▸ Aim of the exercise
Below is a listing; print exactly its lines from the one containing "Crafted in a" down to the one containing "Kadın Taşlı Platformlu", both inclusive, with every picture left out.

(Beginning of Data records)

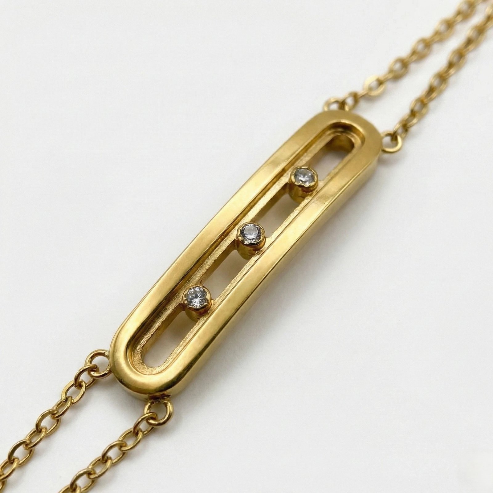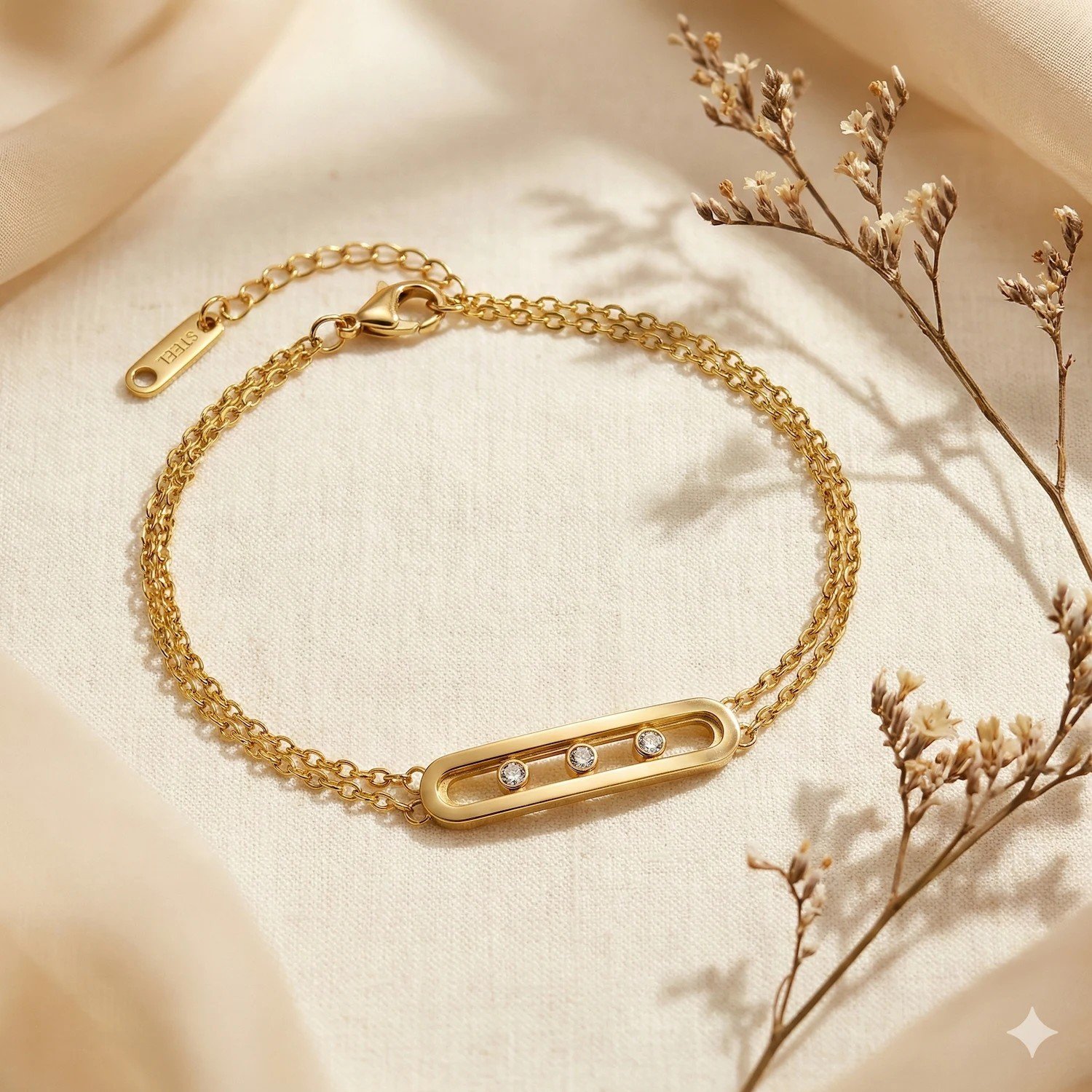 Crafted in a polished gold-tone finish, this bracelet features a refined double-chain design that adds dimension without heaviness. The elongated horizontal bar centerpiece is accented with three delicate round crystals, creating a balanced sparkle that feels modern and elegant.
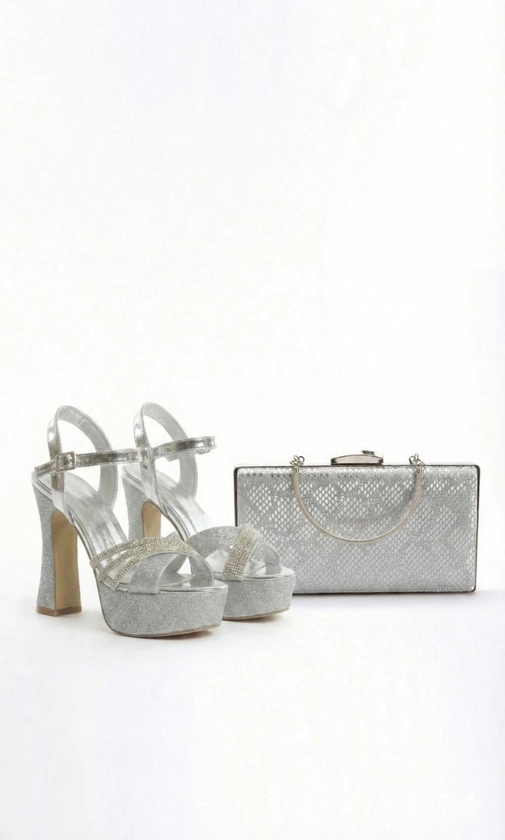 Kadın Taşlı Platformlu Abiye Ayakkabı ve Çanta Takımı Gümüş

(End of Data records)
(Beginning of Data records)

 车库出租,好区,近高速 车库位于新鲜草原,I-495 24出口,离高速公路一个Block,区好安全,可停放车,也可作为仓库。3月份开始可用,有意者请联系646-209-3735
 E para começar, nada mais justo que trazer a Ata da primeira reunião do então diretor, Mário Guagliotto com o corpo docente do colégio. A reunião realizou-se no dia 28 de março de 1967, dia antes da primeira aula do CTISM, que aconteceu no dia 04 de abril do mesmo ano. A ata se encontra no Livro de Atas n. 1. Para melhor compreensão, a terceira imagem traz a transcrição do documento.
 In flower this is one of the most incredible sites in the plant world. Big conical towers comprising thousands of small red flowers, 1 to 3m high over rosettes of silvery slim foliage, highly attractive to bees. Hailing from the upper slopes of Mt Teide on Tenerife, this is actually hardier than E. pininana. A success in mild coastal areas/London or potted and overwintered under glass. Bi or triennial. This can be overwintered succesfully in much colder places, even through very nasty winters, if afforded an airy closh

(End of Data records)

▸ Answer box
 Crafted in a polished gold-tone finish, this bracelet features a refined double-chain design that adds dimension without heaviness. The elongated horizontal bar centerpiece is accented with three delicate round crystals, creating a balanced sparkle that feels modern and elegant.
 Kadın Taşlı Platformlu Abiye Ayakkabı ve Çanta Takımı Gümüş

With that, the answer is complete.